To establish suitable linkage criteria for HIV-1 strains infecting the Zambian couples, amplified viral sequences were first subjected to preliminary phylogenetic tree analyses to identify all circulating HIV-1 group M subtypes (not shown). Full-length and nonrecombinant reference sequences representing these subtypes were then obtained from the Los Alamos HIV Sequence Database (Table 1) and subjected to pairwise sequence comparisons in the genomic regions corresponding to the PCR amplification products. Eight partially overlapping regions in gag, three in gp120, one in gp41, and one in the LTR were used for analysis (Fig. 1).

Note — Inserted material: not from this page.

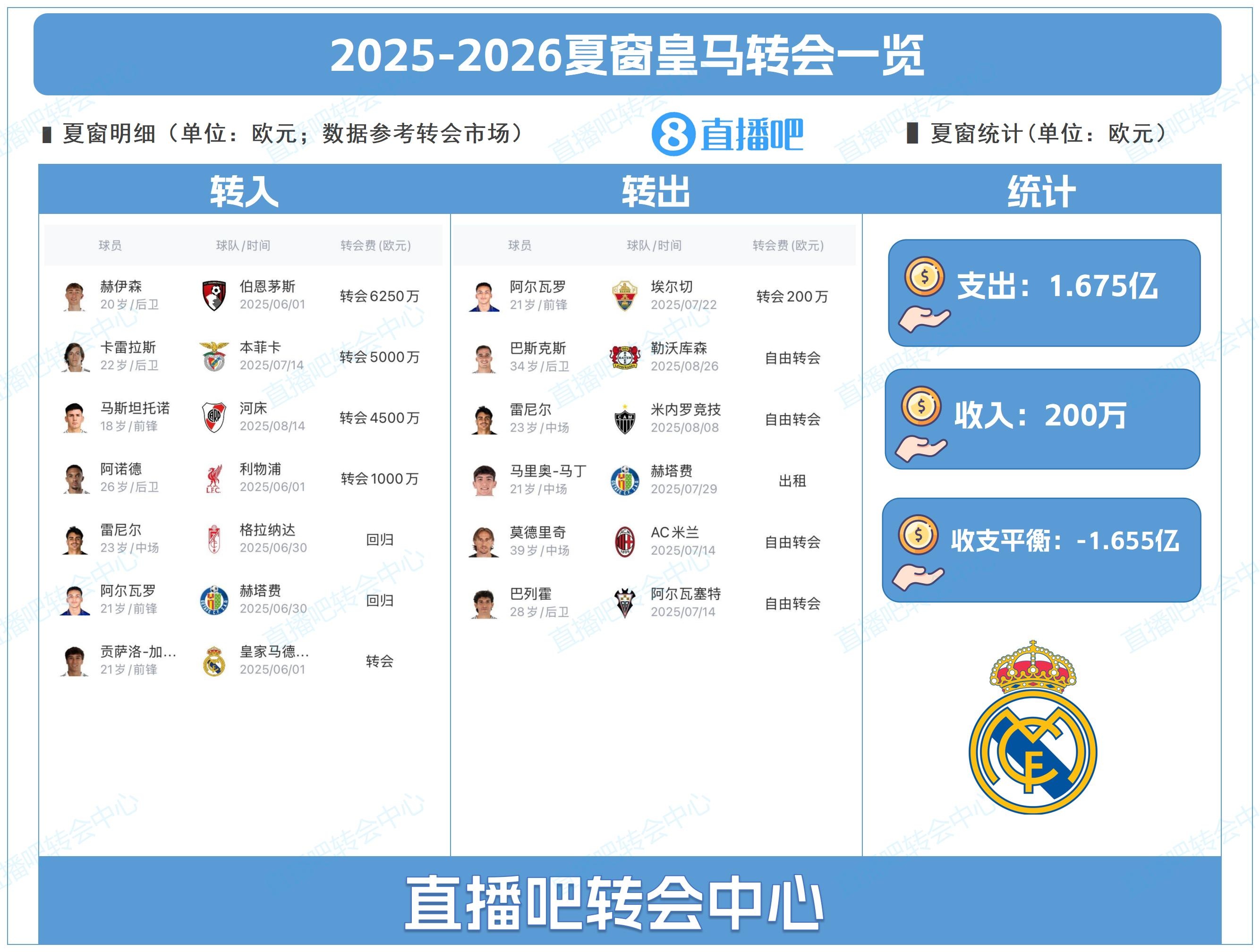 为吧友们回归了皇马今夏的转会操作,吧友们能打几分?

Uncorrected nucleotide sequence distances were then calculated for each transmission pair and compared to the mean sequence distances calculated for the reference sequence set in the corresponding genomic region. The latter minus two standard deviations (SDs) was arbitrarily assigned as the cutoff value for epidemiologically linked sequence pairs (Table 2). Transmission pairs were tentatively classified as epidemiologically linked when their pairwise sequence distances fell below this limit. Conversely, transmission pairs were tentatively classified as unlinked when their pairwise distances exceeded this limit. For the subtype C reference set, only single representatives from India and Brazil were included, so as to not skew results due to the more recent introduction of HIV-1 into these countries. Mean distances for the gp41 region of subtype J and the LTR region of subtype C could not be calculated because of a lack of sufficient reference sequences.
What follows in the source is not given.